Problem to solve: Your output should be the lines below from the one with "Την Τετάρτη προβλέπεται" through the one with "6. 如果觉得建造进度太慢,可以点击小房", copied exactly, pictures excluded.

┌─ Task input

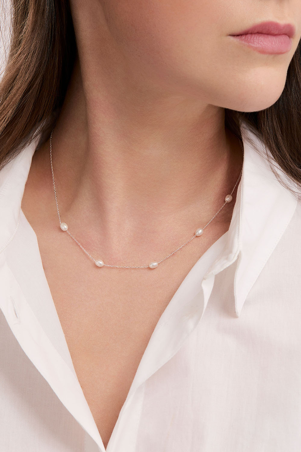 Halskjede i ekte sølv med tynt kjede og fem ovale perler.
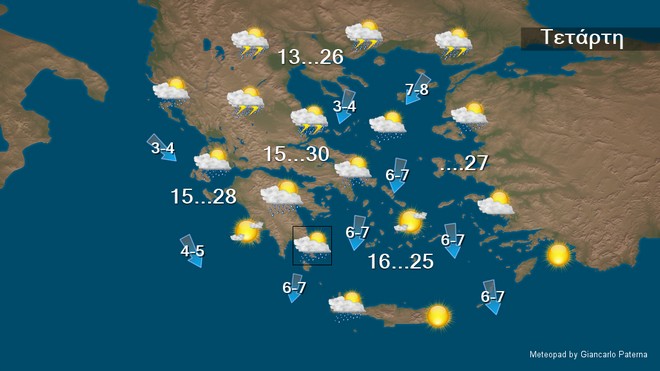 Την Τετάρτη προβλέπεται επιδείνωση του καιρού στη δυτική, κεντρική και βόρεια χώρα από το μεσημέρι με κύρια χαρακτηριστικά τις κατά τόπους ισχυρές βροχές και καταιγίδες, που δεν αποκλείεται να συνοδεύονται από χαλαζοπτώσεις, τους ισχυρούς ανέμους και την αισθητή πτώση της θερμοκρασίας. Κατά τόπους ισχυρές βροχές και καταιγίδες θα εκδηλωθούν από τις προμεσημβρινές ώρες στην ανατολική Μακεδονία και τη Θράκη και βαθμιαία στην κεντρική, τη δυτική Μακεδονία και τα νησιά του βόρειου και του ανατολικού Αιγαίου.
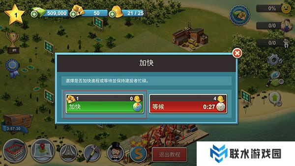 6. 如果觉得建造进度太慢,可以点击小房子,再点击“加快”,这时会消耗一个金条。
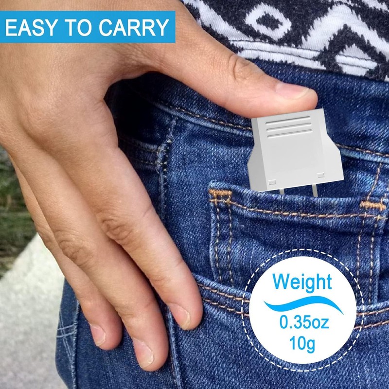 - [ULTRA LIGHT and COMPACT DESIGN]: European to US plug adapter is mini size: 1.8*1.5*0.5in, Weighs only 0.35oz, portable size allows these us plug adapter easily put in your pocket, perfect for travel and home use.
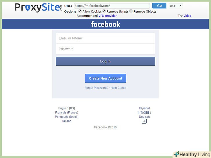 Введіть адресу веб-сторінки.на сайті проксі-сервера відобразиться текстове поле, в яке введіть адресу веб-сторінки, яку потрібно відкрити.- Багато проксі-серверів перенаправлять вас на іншу панель пошуку, щоб спростити перегляд.
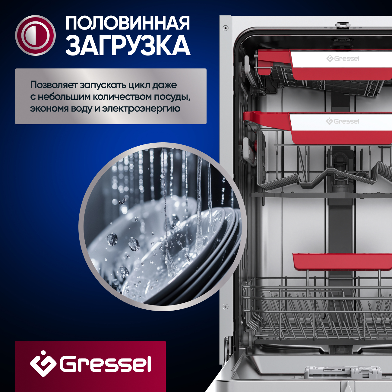 Узкая посудомоечная машина Gressel UBM501 — отличное решение для тех, кто ищет сочетание компактности и вместительности. При ширине 45 см она способна разместить до 10 комплектов посуды, что подойдёт для небольшой семьи или людей, часто принимающих гостей. Машина предлагает 6 программ, включая «Интенсивную» для пригоревших сковород и «Быструю» для лёгкой загрязнённости. «ЭКО»-режим поможет сэкономить на счетах за электричество, а деликатная программа «Стекло» позаботится о хрупких бокалах.

└─

Completed exercise:
 Την Τετάρτη προβλέπεται επιδείνωση του καιρού στη δυτική, κεντρική και βόρεια χώρα από το μεσημέρι με κύρια χαρακτηριστικά τις κατά τόπους ισχυρές βροχές και καταιγίδες, που δεν αποκλείεται να συνοδεύονται από χαλαζοπτώσεις, τους ισχυρούς ανέμους και την αισθητή πτώση της θερμοκρασίας. Κατά τόπους ισχυρές βροχές και καταιγίδες θα εκδηλωθούν από τις προμεσημβρινές ώρες στην ανατολική Μακεδονία και τη Θράκη και βαθμιαία στην κεντρική, τη δυτική Μακεδονία και τα νησιά του βόρειου και του ανατολικού Αιγαίου.
 6. 如果觉得建造进度太慢,可以点击小房子,再点击“加快”,这时会消耗一个金条。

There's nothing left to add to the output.